### DATA FOR PROCESSING ###

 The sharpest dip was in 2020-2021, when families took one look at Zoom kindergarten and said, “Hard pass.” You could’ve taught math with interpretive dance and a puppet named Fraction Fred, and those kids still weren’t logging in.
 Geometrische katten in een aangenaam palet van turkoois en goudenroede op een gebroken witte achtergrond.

###
### DATA FOR PROCESSING ###

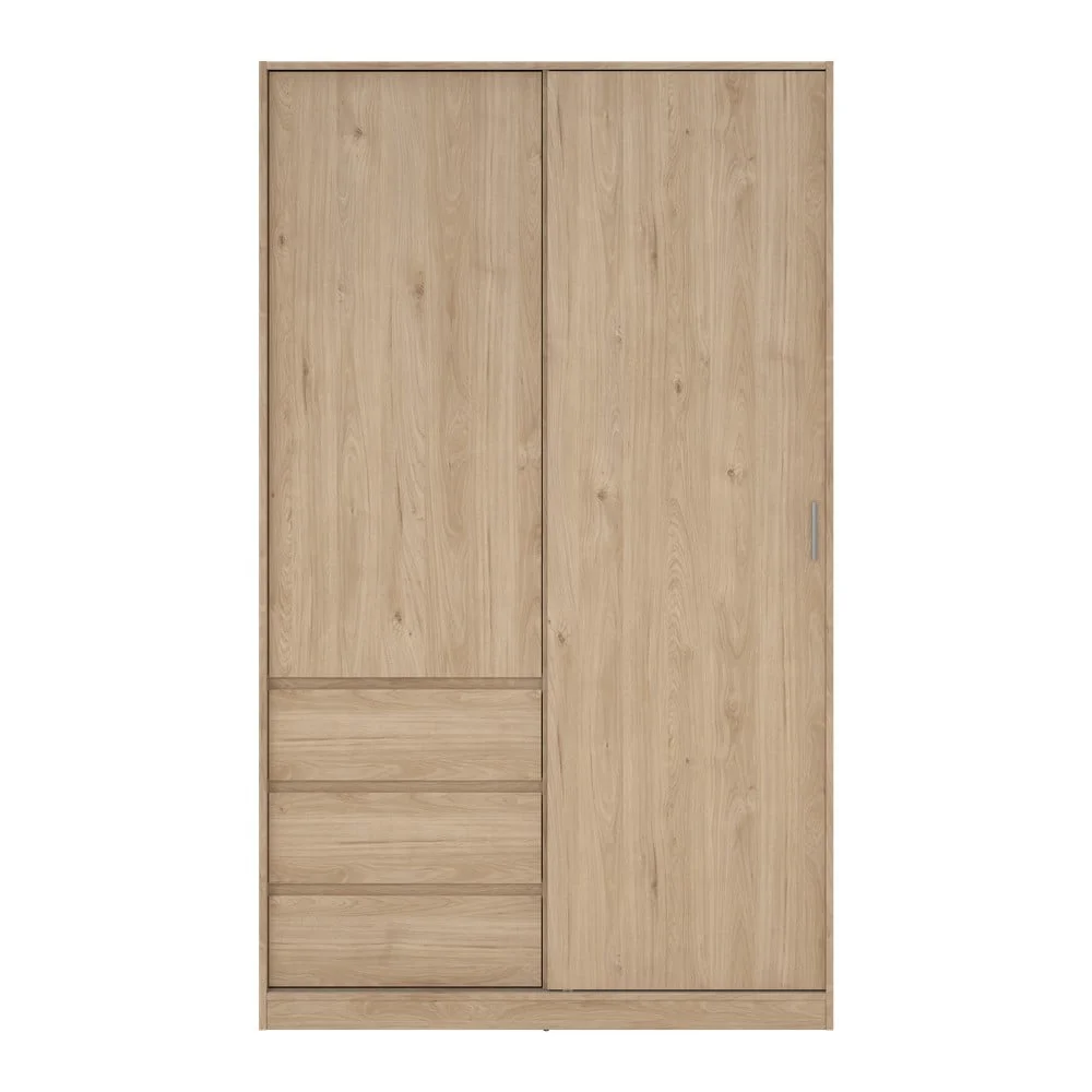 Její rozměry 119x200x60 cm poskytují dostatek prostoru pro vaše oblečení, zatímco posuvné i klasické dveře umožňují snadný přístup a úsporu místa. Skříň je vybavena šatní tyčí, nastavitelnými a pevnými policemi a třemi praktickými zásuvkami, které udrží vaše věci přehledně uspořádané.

###
### DATA FOR PROCESSING ###

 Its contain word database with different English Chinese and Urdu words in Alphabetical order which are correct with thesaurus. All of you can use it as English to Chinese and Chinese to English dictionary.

###

**WORK REQUEST**. Search the entries for "with" and show every line that has it.

**EXERCISE SOLUTION**.
 The sharpest dip was in 2020-2021, when families took one look at Zoom kindergarten and said, “Hard pass.” You could’ve taught math with interpretive dance and a puppet named Fraction Fred, and those kids still weren’t logging in.
 Its contain word database with different English Chinese and Urdu words in Alphabetical order which are correct with thesaurus. All of you can use it as English to Chinese and Chinese to English dictionary.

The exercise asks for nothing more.